Artist, publisher, filmmaker and poet Henri Chopin (1922-2008) bought his first tape recorder in 1955, after which he started experimenting and pushing his poetic output into the realm of sound poetry. Chopin counts as a pioneer in that field, coupling attitudes and approaches of the early 20th-century avant-garde with new technological possibilities and bringing together in his publications international iconoclasts such as original dadaists Raoul Hausmann and Marcel Janco and post-war lettrists, Fluxus artists and Beat poets such as Gil Wolman, François Dufrêne, Ian Hamilton Finlay, William Burroughs and Brion Gysin.

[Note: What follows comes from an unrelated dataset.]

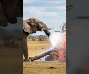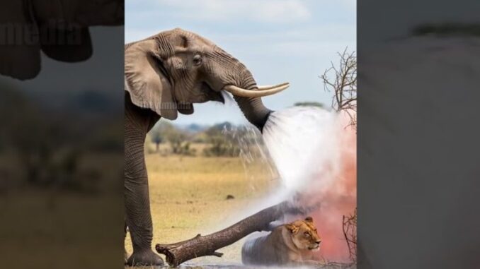 Witnesses say the elephant stomped a clear route through the fire and then stood guard, shielding the lioness from the advancing flames. Using its powerful trunk, it splashed nearby water onto the dry grass, slowing the fire’s spread just long enough.

Chopin’s pieces are the result of an uncompromising approach of poetry, in which speech itself is taken apart and put together again in raw and anti-aesthetic compositions. The first track on this release, for instance, is the sound poem ‘Dentales Soufflées’, a work which is ‘made up of unvoiced vowels hitting against the teeth and using them as percussion instruments with the microphone placed against the teeth’. Another characteristic work on this release is ‘La Peur’. ‘La Peur’ is a piece started as early as 1959 and finished 12 years later as a 35-minute exorcism of the fears Chopin had experienced as a deportee and prisoner during World War II. ‘Le Corps’, a work published as part of Chopin’s seminal ‘OU’ magazine in 1966, is an attempt to break away from the traumas and fears that had fuelled Chopin’s works until then. All meaning and communication are abandoned in this poem, in which speech is reduced to breath and the focus is on the body that produces it. ‘This sound poem taught me once more what love is’, writes Chopin in his liner notes. His later piece ‘Improvisation Directe’ also centres on the body by literally taking apart the French word ‘corps’. It was recorded live during a radio broadcast on France Culture in 1978. And, finally, Chopin’s piece ‘Vibrespace’ is an exploration of human movement in space that was put together in 1963 and concentrates on manipulating the speed of the tape recorder reels.